▸ **WORK INSTRUCTIONS**
Make an exact copy of every entry, leaving the pictures out.

======== EXCERPTED RECORDS ========

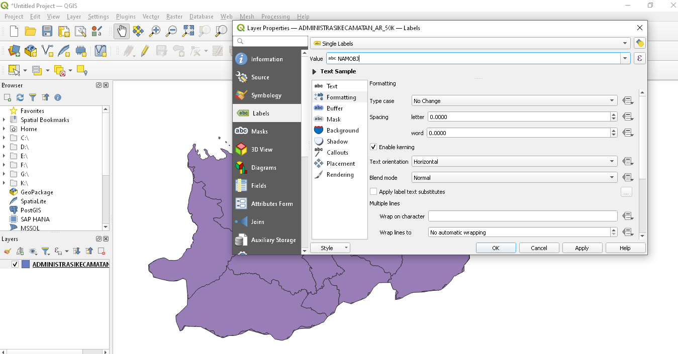Layer peta wilayah Kabupaten Bolmong ini kemudian diatur sesuai dengan keperluan. Silahkan klik kanan di bagian nama layer, lalu pilih properties. Banyak hal yang dapat dilakukan di sini, seperti mengubah warna peta, dan menampilkan label.
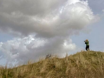 Bij het verlaten van de Slufter vorst ze de lucht. In het noordwesten hangen hoge sluierwolken, vanuit het oosten komt een diepgrijze lucht aanzetten. ‘Als die twee elkaar straks ontmoeten… daar zou ik wel wat mee kunnen.’
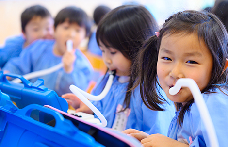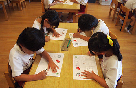 『ほめて、みとめて、はげまして』をモットーに、幼児の学びに合わせた声かけや導き方で、子どもたちの能力を効果的に引き出します。
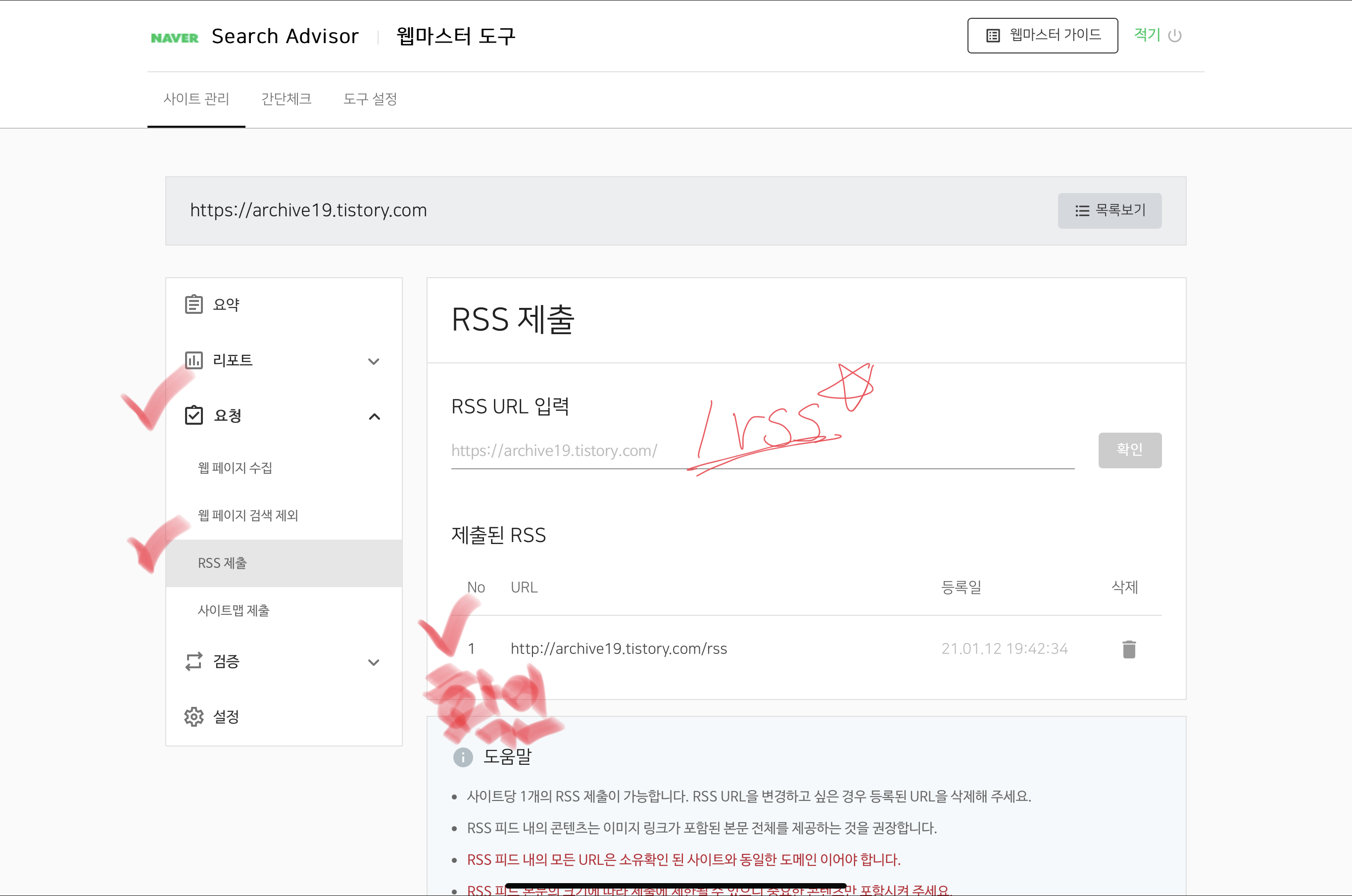 좌측 요청의 RSS 제출 클릭!
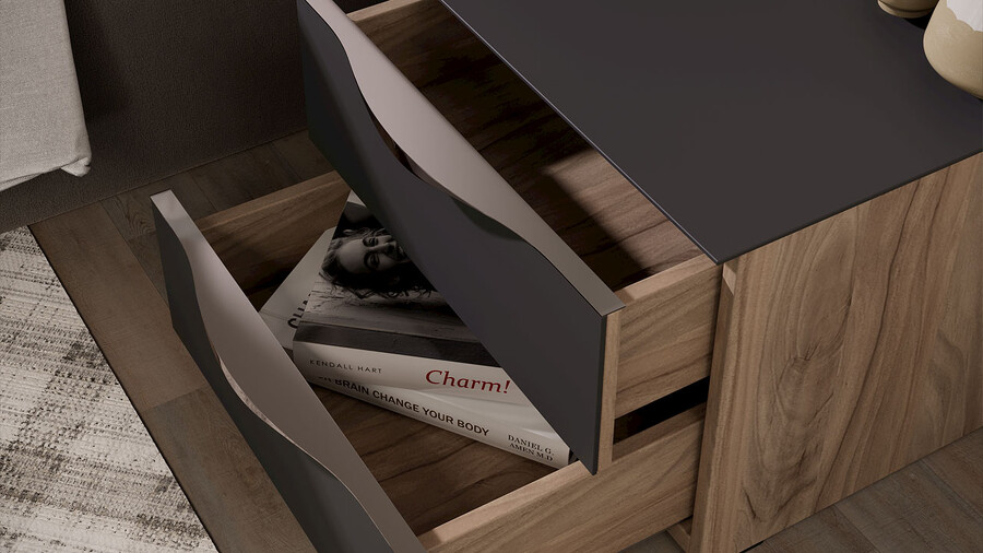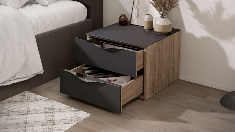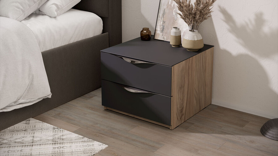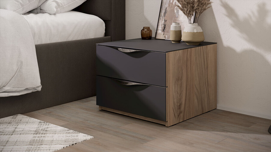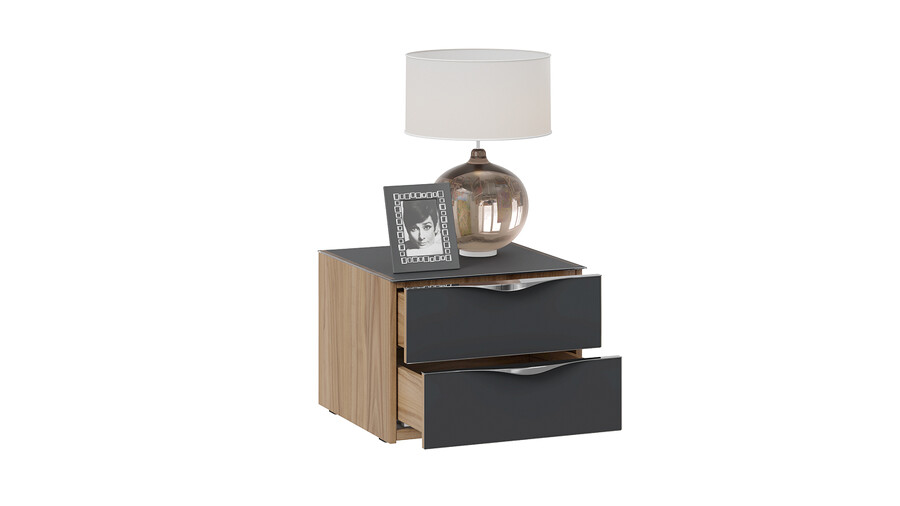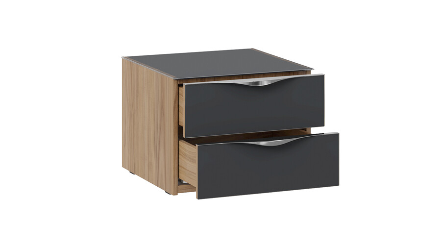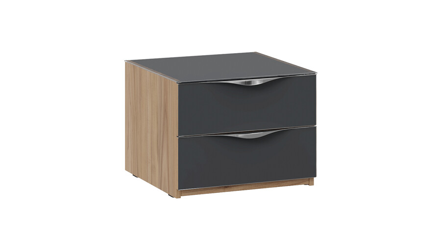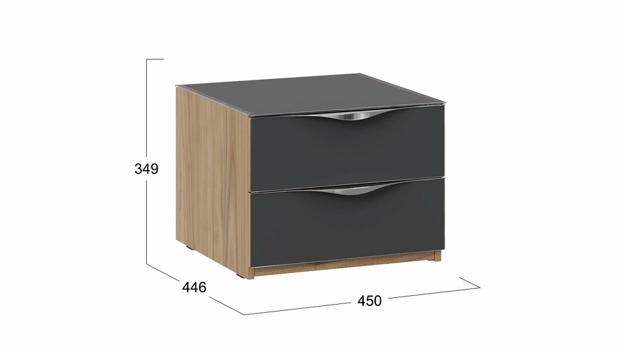 Тумба прикроватная с 2 ящиками «Глосс» - ТД 319.03.01 Яблоня Беллуно, Стекло Графит матовый
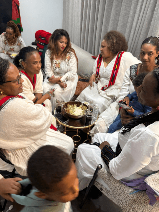 The ritual reinforces Oromo cultural identity and continuity, serving as a way to preserve and pass down these traditions to younger generations. During the ceremony, mothers dressed in traditional clothes surrounded the mother and expressed their happiness; sitting around the midwife after eating the marqaa, they blessed the new mother, ‘give birth again; carry it on your shoulder and back; be strong in your knees.’
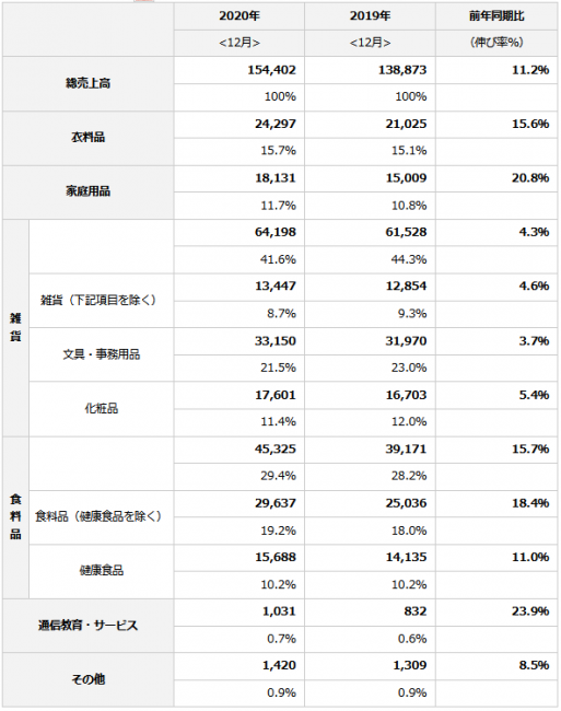 12月通販統計|売上高1544億円11.2%増/家庭用品21%増・衣料品16%増
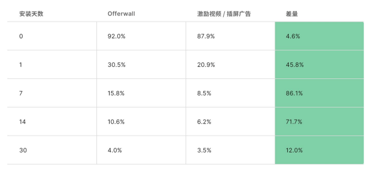 通常来说,与非积分墙用户相比,通过积分墙获取和转化的用户留存要高出2~7倍。同时,与通过激励视频和插屏广告获取的用户相比,通过积分墙获取的用户D7-LTV高出100%,D30-LTV高出52.1%,D60-LTV高出15.8%。

========

▸ **SOLUTION FOR THIS PROBLEM**
Layer peta wilayah Kabupaten Bolmong ini kemudian diatur sesuai dengan keperluan. Silahkan klik kanan di bagian nama layer, lalu pilih properties. Banyak hal yang dapat dilakukan di sini, seperti mengubah warna peta, dan menampilkan label.
 Bij het verlaten van de Slufter vorst ze de lucht. In het noordwesten hangen hoge sluierwolken, vanuit het oosten komt een diepgrijze lucht aanzetten. ‘Als die twee elkaar straks ontmoeten… daar zou ik wel wat mee kunnen.’
 『ほめて、みとめて、はげまして』をモットーに、幼児の学びに合わせた声かけや導き方で、子どもたちの能力を効果的に引き出します。
 좌측 요청의 RSS 제출 클릭!
 Тумба прикроватная с 2 ящиками «Глосс» - ТД 319.03.01 Яблоня Беллуно, Стекло Графит матовый
 The ritual reinforces Oromo cultural identity and continuity, serving as a way to preserve and pass down these traditions to younger generations. During the ceremony, mothers dressed in traditional clothes surrounded the mother and expressed their happiness; sitting around the midwife after eating the marqaa, they blessed the new mother, ‘give birth again; carry it on your shoulder and back; be strong in your knees.’
 12月通販統計|売上高1544億円11.2%増/家庭用品21%増・衣料品16%増
 通常来说,与非积分墙用户相比,通过积分墙获取和转化的用户留存要高出2~7倍。同时,与通过激励视频和插屏广告获取的用户相比,通过积分墙获取的用户D7-LTV高出100%,D30-LTV高出52.1%,D60-LTV高出15.8%。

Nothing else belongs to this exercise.